При работе над текстом мы использовали прежде всего герменевтический метод исследования, а при анализе эпохи и личности человека в ней - историко-культурный. Это позволило нам, не ограничиваясь толкованием текста пьес, расширить объект исследования и провести эстетические параллели между произведениями разных видов искусства.

Научная апробация результатов данного исследования проводилась в течение последних пяти лет. Доклады автора становились темой его публичных выступлений и неоднократно обсуждались на научно-практических конференциях. На основе этих докладов выпущены следующие публикации автора по данной теме:

«Пространство и время в пьесе М.Булгакова «Бег» и их воплощение на сцене московских театров» (в сборнике по материалам межвузовской конференции «Проблемы эволюции руской литературы XX века.
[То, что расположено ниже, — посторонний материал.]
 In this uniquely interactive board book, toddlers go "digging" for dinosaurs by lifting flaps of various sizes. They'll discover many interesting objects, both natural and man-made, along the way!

Четвертые Шешуковские чтения». -М.: Кафедра русской литературы XX века МПГУ, 2000).

«Авторский голос в произведениях М.Булгакова» (в сборнике материалов международной научно-практической конференции «Литература на рубеже тысячелетий». - Орехово-Зуево, 2001).
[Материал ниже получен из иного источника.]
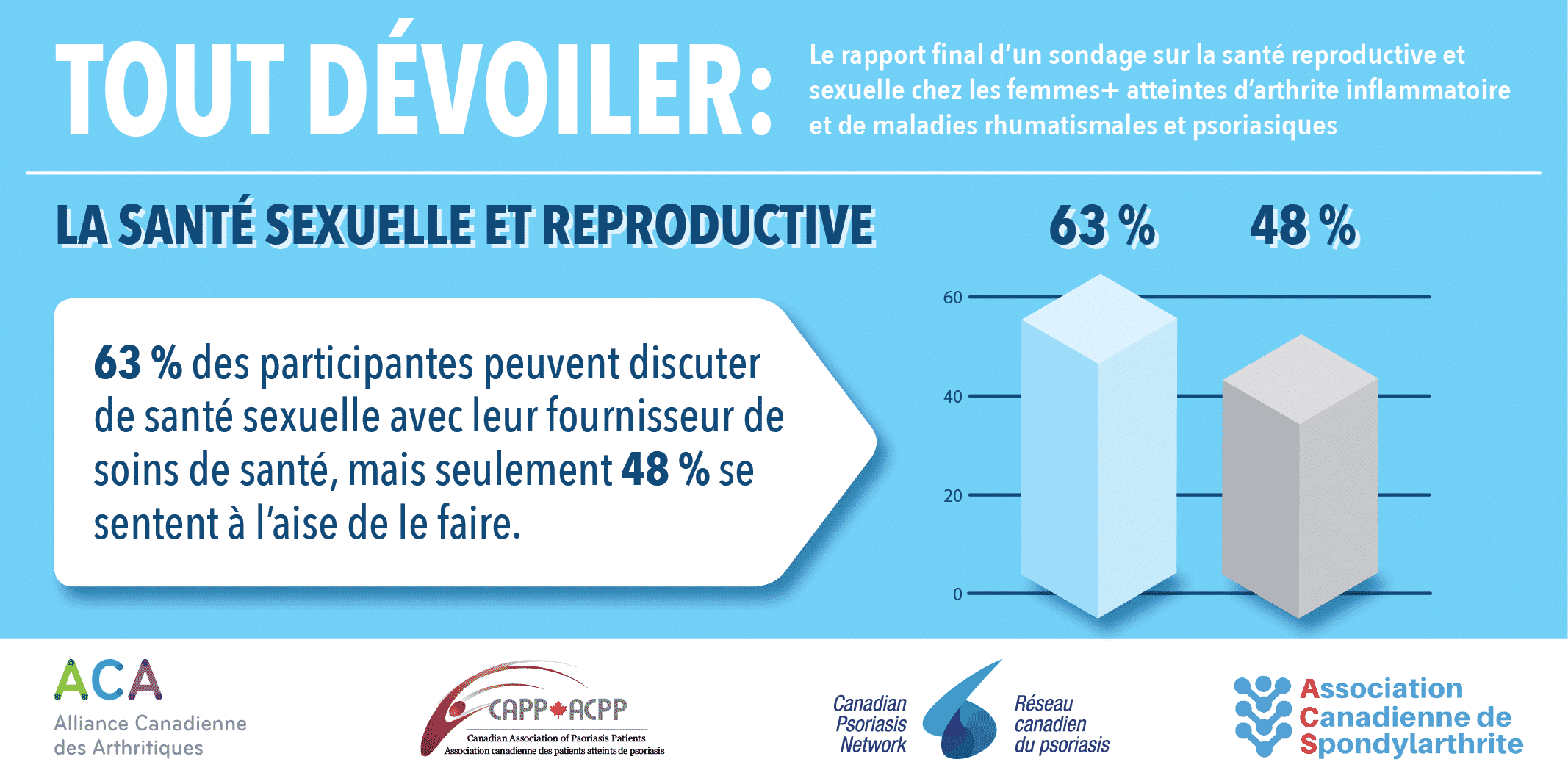Les points saillants de Tout dévoiler : le rapport final d’un sondage sur la santé reproductive et sexuelle chez les femmes+ atteintes d’arthrite inflammatoire et de maladies rhumatismales et psoriasiques.

«Эпические элементы в репертуарной драме 1920-х годов» (в сборнике трудов «Российская культура глазами молодых ученых». - Вып. 12 / Академия общественных связей. - СПб., 2002).

«Драматургия первой половины 20-х годов XX века: в поисках героя» (в сборнике по материалам 2-ой межвузовской научно-практической конференции «Филологические традиции в современном литературном и лингвистическом образовании». Т. 1. - М., МГПИ, 2003).

Соловьева Н.Ю. Драматический герой, востребованный репертуарным театром 20-х годов XX столетия // Театр. Живопись. Кино. Музыка: Межвуз. сб. научн. трудов молодых ученых- М.: Изд-во ГИТИС, 2004.

Кроме того, в апреле 2001 г. автор данной работы принимала участие в XXVI научно-теоретической конференции аспирантов Российской академии театрального искусства «Традиции отечественного театроведения и проблемы современной методологии». Тема доклада -«Человек в контексте эпохи (на примере анализа образов драматургии М. Булгакова)».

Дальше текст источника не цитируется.